::: Data for the task

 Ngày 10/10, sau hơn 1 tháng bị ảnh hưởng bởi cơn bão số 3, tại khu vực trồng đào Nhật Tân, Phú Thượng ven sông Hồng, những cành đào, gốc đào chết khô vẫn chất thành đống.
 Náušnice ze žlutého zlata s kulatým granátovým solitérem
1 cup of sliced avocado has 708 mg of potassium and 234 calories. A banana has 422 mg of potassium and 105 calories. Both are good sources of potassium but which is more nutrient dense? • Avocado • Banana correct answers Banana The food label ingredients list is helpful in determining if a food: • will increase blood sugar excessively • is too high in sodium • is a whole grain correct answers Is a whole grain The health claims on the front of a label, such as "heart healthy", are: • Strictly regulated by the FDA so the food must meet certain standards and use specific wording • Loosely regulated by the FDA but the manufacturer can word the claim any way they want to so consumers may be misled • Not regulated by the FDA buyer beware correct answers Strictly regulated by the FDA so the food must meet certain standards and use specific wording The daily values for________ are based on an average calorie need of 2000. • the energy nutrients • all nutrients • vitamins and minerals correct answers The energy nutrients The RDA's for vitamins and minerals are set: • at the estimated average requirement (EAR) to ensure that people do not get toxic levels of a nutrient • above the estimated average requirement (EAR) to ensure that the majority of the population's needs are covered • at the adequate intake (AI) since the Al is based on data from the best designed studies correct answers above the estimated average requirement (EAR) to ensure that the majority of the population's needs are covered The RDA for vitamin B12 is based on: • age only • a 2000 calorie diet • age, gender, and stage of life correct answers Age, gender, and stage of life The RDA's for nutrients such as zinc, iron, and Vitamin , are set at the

::::::
::: Data for the task

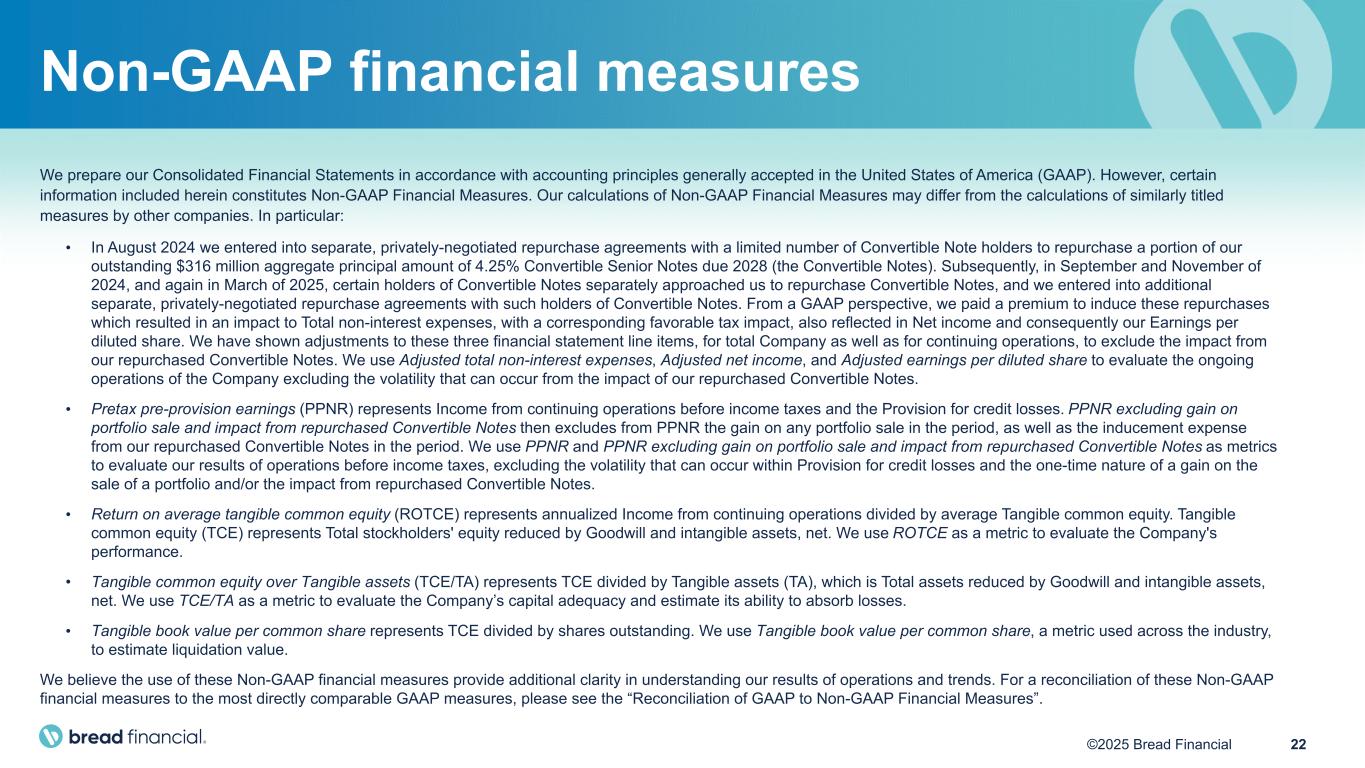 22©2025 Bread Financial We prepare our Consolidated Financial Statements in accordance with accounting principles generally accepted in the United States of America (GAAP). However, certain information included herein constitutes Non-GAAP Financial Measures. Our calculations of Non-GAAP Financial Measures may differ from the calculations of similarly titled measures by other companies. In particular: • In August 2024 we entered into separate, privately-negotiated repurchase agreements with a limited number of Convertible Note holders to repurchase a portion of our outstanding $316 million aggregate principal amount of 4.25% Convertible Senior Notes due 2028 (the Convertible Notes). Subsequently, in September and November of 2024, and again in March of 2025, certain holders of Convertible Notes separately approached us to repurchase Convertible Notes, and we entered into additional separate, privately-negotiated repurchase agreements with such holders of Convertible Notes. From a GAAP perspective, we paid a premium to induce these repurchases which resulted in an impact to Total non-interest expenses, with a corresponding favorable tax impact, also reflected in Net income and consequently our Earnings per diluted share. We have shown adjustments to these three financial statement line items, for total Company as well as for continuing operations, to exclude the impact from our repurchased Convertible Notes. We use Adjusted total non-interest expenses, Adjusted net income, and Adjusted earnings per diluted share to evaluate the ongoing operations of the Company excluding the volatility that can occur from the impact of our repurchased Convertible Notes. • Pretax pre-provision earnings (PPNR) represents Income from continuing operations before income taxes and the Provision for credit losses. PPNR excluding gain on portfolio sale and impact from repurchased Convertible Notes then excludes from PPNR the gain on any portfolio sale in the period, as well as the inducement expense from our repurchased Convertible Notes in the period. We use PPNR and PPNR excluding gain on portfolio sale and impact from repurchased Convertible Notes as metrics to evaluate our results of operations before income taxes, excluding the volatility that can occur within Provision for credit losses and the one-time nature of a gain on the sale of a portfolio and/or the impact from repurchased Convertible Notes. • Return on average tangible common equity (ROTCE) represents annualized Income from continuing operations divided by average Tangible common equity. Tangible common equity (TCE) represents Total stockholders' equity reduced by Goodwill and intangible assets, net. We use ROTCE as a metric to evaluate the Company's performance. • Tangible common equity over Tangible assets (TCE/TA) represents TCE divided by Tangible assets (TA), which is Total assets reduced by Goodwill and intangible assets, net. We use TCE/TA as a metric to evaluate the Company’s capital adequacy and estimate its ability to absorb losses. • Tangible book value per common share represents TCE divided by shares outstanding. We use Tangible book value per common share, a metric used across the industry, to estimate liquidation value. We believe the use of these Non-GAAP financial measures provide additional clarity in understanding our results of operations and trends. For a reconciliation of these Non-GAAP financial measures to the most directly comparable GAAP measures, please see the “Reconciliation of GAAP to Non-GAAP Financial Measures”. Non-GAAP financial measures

::::::
::: Data for the task

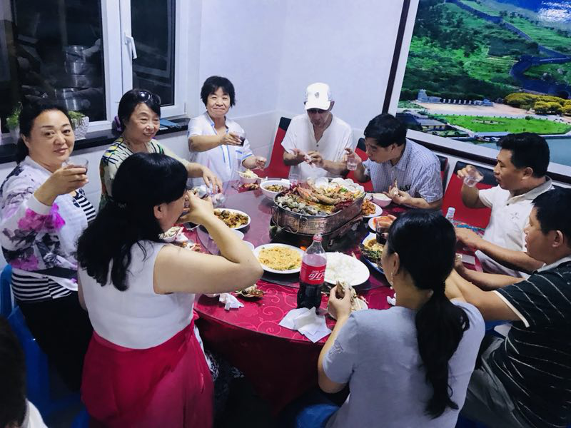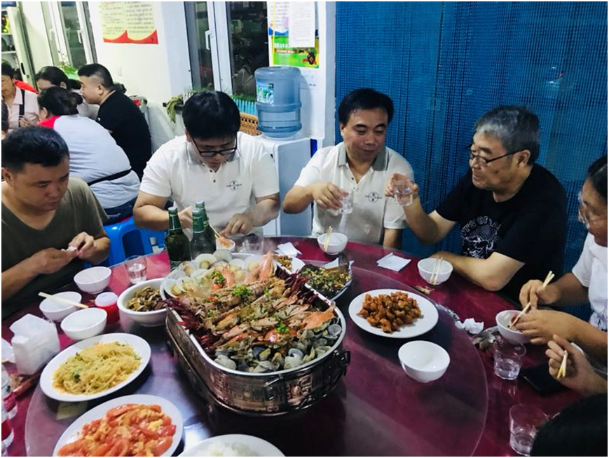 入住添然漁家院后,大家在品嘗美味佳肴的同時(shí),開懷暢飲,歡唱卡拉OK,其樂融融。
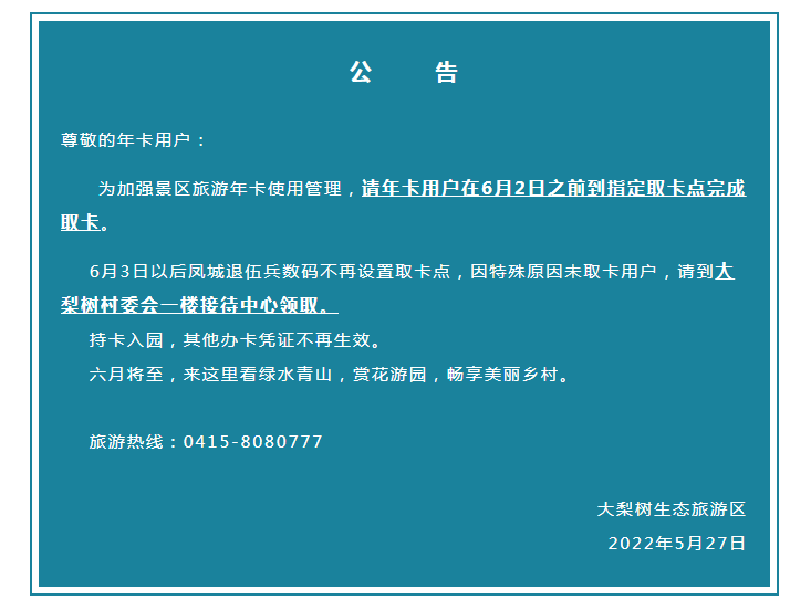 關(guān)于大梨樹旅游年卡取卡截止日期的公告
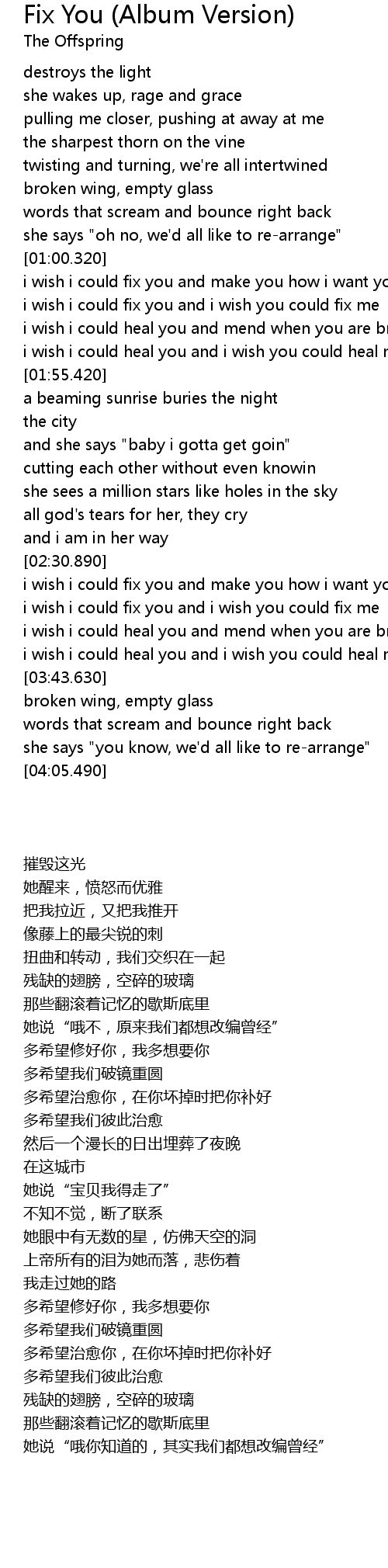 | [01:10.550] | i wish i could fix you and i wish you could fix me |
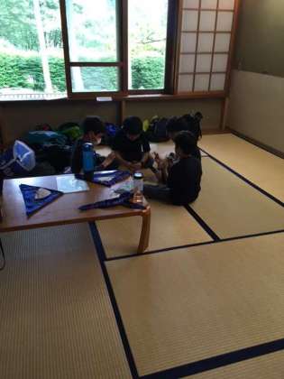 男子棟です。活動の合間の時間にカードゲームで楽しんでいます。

::::::

### Instructions for the task
Exact duplication is required for the lines above, from the line that contains "Náušnice ze žlutého" to the line that contains "1 cup of sliced", inclusive; omit all others.

### Written answer
 Náušnice ze žlutého zlata s kulatým granátovým solitérem
1 cup of sliced avocado has 708 mg of potassium and 234 calories. A banana has 422 mg of potassium and 105 calories. Both are good sources of potassium but which is more nutrient dense? • Avocado • Banana correct answers Banana The food label ingredients list is helpful in determining if a food: • will increase blood sugar excessively • is too high in sodium • is a whole grain correct answers Is a whole grain The health claims on the front of a label, such as "heart healthy", are: • Strictly regulated by the FDA so the food must meet certain standards and use specific wording • Loosely regulated by the FDA but the manufacturer can word the claim any way they want to so consumers may be misled • Not regulated by the FDA buyer beware correct answers Strictly regulated by the FDA so the food must meet certain standards and use specific wording The daily values for________ are based on an average calorie need of 2000. • the energy nutrients • all nutrients • vitamins and minerals correct answers The energy nutrients The RDA's for vitamins and minerals are set: • at the estimated average requirement (EAR) to ensure that people do not get toxic levels of a nutrient • above the estimated average requirement (EAR) to ensure that the majority of the population's needs are covered • at the adequate intake (AI) since the Al is based on data from the best designed studies correct answers above the estimated average requirement (EAR) to ensure that the majority of the population's needs are covered The RDA for vitamin B12 is based on: • age only • a 2000 calorie diet • age, gender, and stage of life correct answers Age, gender, and stage of life The RDA's for nutrients such as zinc, iron, and Vitamin , are set at the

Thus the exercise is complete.